Timothy Thurber. The Politics of Equality: Hubert H. Humphrey and the African-American Freedom Struggle. New York: Columbia University Press, 1999. x + 352 pp. $30.50 (paper), ISBN 978-0-231-11047-1; $83.50 (cloth), ISBN 978-0-231-11046-4.
Reviewed by Richard Flanagan (Department of Political Science, Economics and Philosophy, College of Staten Island, City University of New York)
Published on H-Pol (September, 1999)
At the 1997 meeting of the American Sociological Association, Douglas Massey of the University of Pennsylvania attacked Harvard's William J. Wilson in a panel discussion about the future of race policy. Wilson is a leading advocate of class-based social welfare policies. Wilson argued that government programs anchored in class relations rather then racial or ethnic identity are more sustainable then the traditional civil rights agenda. Massey charged that Wilson's ideas paper over the persistent problem of overt racial discrimination. More political courage in support of the traditional civil rights agenda is necessary. The panelists left in a huff, finding little concurrence.
The job of the historian is often to remind contemporaries that much political debate is the packaging of old wines in new bottles. This particular vintage (the question of how best to bring about racial equality) dates back to the 1940s, as liberals struggled to extend the promise of the New Deal to African-Americans.
Hubert Humphrey's record on race is the subject of this careful and well-written biography, both as a political life that had a significant impact on race relations, and as an exemplar of the Democratic party's struggle to reconcile racial liberalism and economic populism. Throughout his career, Timothy Thurber argues, Humphrey struggled to synthesize dualisms: the claims of racial and class based liberalism, the divide between the southern and northern wings of his party and the call of idealism against the pull of self-interest. Despite heroic efforts (peppered with occasional lapses) Humphrey's work at finding the winning formula that would bring racial equality while keeping the New Deal coalition together failed, as did his quest to win the presidency on terms that would keep a New Dealer's conscience clean and clear.
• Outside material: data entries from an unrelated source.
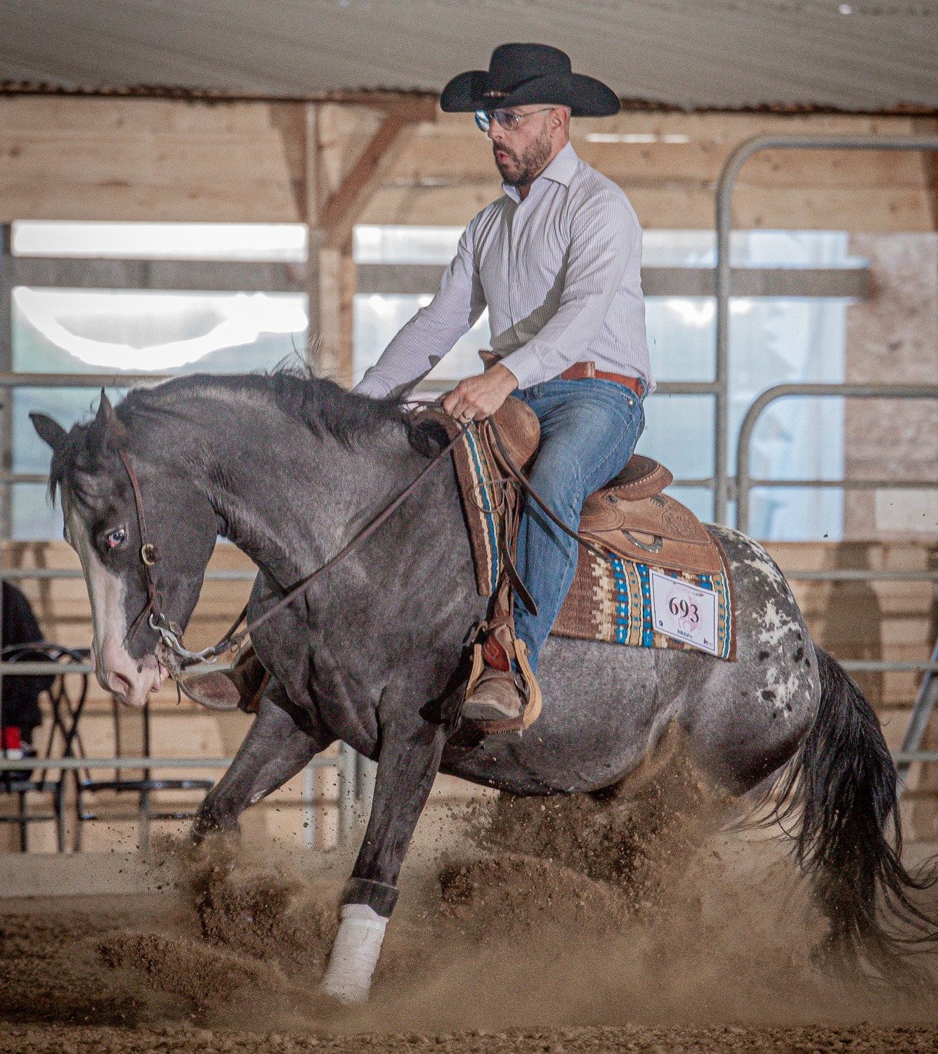 POTTER⚡️SATISFACTION with @paolofa9 💪 … The #colorfulreiningdream comes true #reining #blueroan #blueyes blanket #appaloosa 2020 by @lenas_drawing_his_gun X CINNABAR EXHIBIT • Follow him on 👉 http://www.spotted.horse 👈
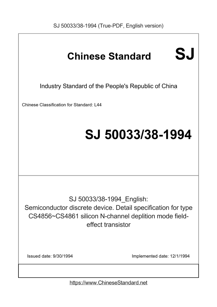 | Description (Translated English) | Semiconductor discrete device. Detail specification for type CS4856~CS4861 silicon N-channel deplition mode field-effect transistor |
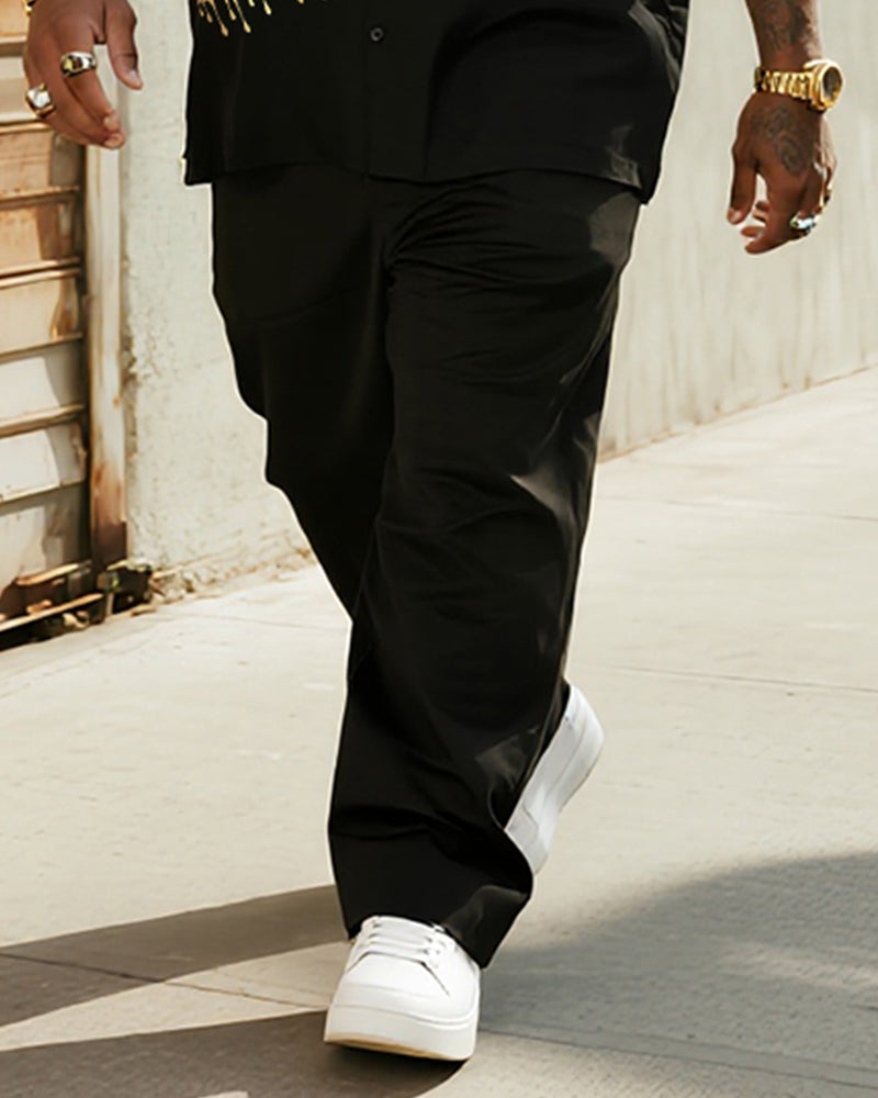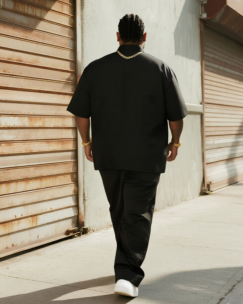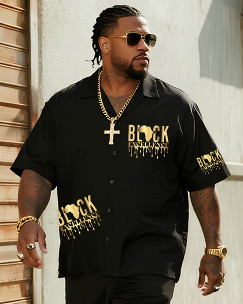 Big & Tall Men's Juneteenth Black History Month Printed Short Sleeve Shirt Trousers Suit

As with most liberals in the 1930s, Humphrey celebrated Roosevelt's victories. The perpetuation of racial inequalities (like the exclusion of blacks from Social Security) to keep Southerners on board was tied to pre-modern sensibilities. In Humphrey's whiggish view of American history, the answer to the race question was that the sphere of New Deal liberty would expand to include blacks over time. The gap between the reality of black inequality and the ideal of liberty would be closed through moral exhortation by progressive political leadership. Following Gunnar Myrdal, Humphrey argued that racial injustice was the great anomaly of American democracy, a neglected reform that was amenable to correction as the economic system was in the 1930s. Thurber maintains that Humphrey's mistake was that he "overestimat[ed] the public's commitment to racial equality," a conclusion that still has resonance today (p. 7).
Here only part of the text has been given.